■ Entries provided:
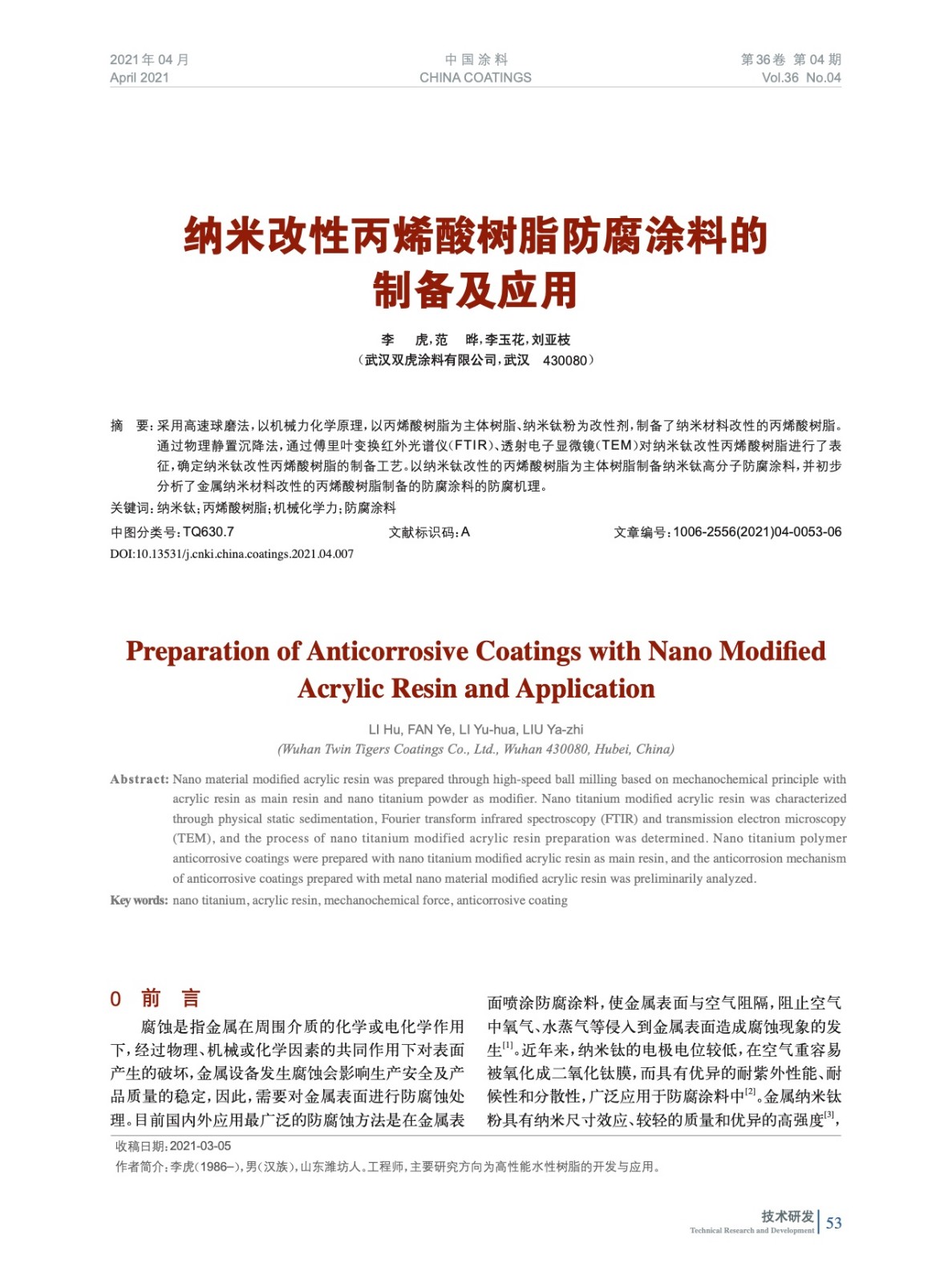 本文系作者@李 虎,范 曄,李玉花,劉亞枝 授權中國涂料網發表,并經中國涂料網編輯,未經允許不得轉載,如需轉載請聯系chinacoatingnet@vip.163.com
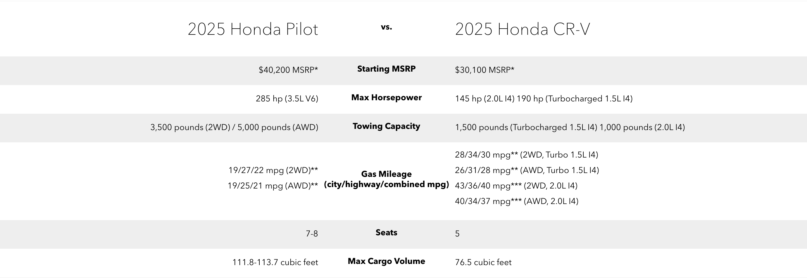 2025 Honda CR-V vs. Honda Pilot Specs: Which is More Powerful?
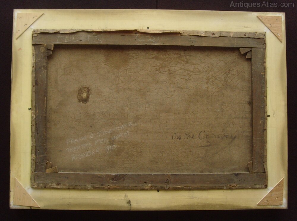 Condition: Very good condition. There is one small repair to the canvas, which is clean and taut. There is a little craquelure and slight stretcher marks consistent with age. The frame is new.
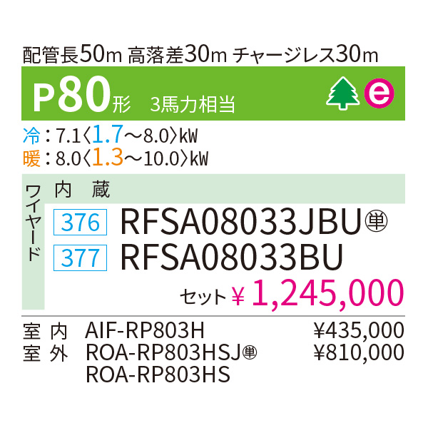 カテゴリ 業務用エアコン 型番 RFSA08033BU / RFSA08033JBU 定価 1,369,500円 販売価格 税込 289,000円 詳細 ■メーカー:東芝 ■モデル名:2021年モデル ■タイプ名:パッケージエアコン / 床置き形 / シングル(室内機1台×室外機1台) / スーパーパワーエコゴールド ■能力:3馬力(P80形) /【平米数】47~70㎡ /【坪数】14~21坪 /【畳数】28~42畳 ■電源:三相200V / 単相200V ■室内機:AIF-RP803H ■室外機:ROA-RP803HS / ROA-RP803HSJ ●室内機サイズ:高さ1750mm×幅600mm×奥行210mm ●室外機サイズ:高さ714mm×幅859(+69)mm×奥行309mm ■通年エネルギー消費効率:5.1 ■その他機能等 ・ワイヤード ・オートスイング ・ホットスタート ・風量切換(5段階) ・冷暖自動運転 ・スマート節約運転 ・ドライ運転 ・セーブ運転 ・除霜連携 ※記載された情報は商品仕様の一部ですので、詳細はメーカーサイトにてご確認ください。 ※標準取付工事のほか、家電量販店では対応困難な『隠ぺい配管工事』も承ります。
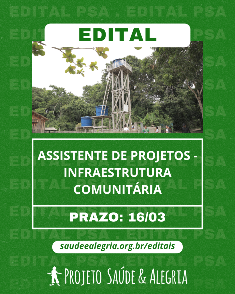 Sistema de Seleção do(a) Candidato(a): Pré-seleção por meio de análise do CV. Seleção final com entrevista. Enviar currículo até o dia 16/03/2025 para: rh@saudeealegria.org.br. No assunto da mensagem escrever “Assistente de Projetos – Infraestrutura Comunitária”.
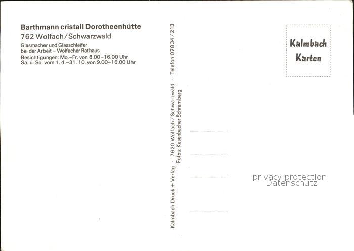 72296788 Wolfach Barthmann cristall Dorotheenhuette Glasmacher Glasschleifer Handwerk Rathaus postalisch nicht gelaufen Erhaltung siehe scans KatCode: 11110008317145

■ Action item: Output should consist of the lines above from the one with "2025 Honda CR-V" down to the one with "Condition: Very good", exact and without pictures.

■ Problem solution:
 2025 Honda CR-V vs. Honda Pilot Specs: Which is More Powerful?
 Condition: Very good condition. There is one small repair to the canvas, which is clean and taut. There is a little craquelure and slight stretcher marks consistent with age. The frame is new.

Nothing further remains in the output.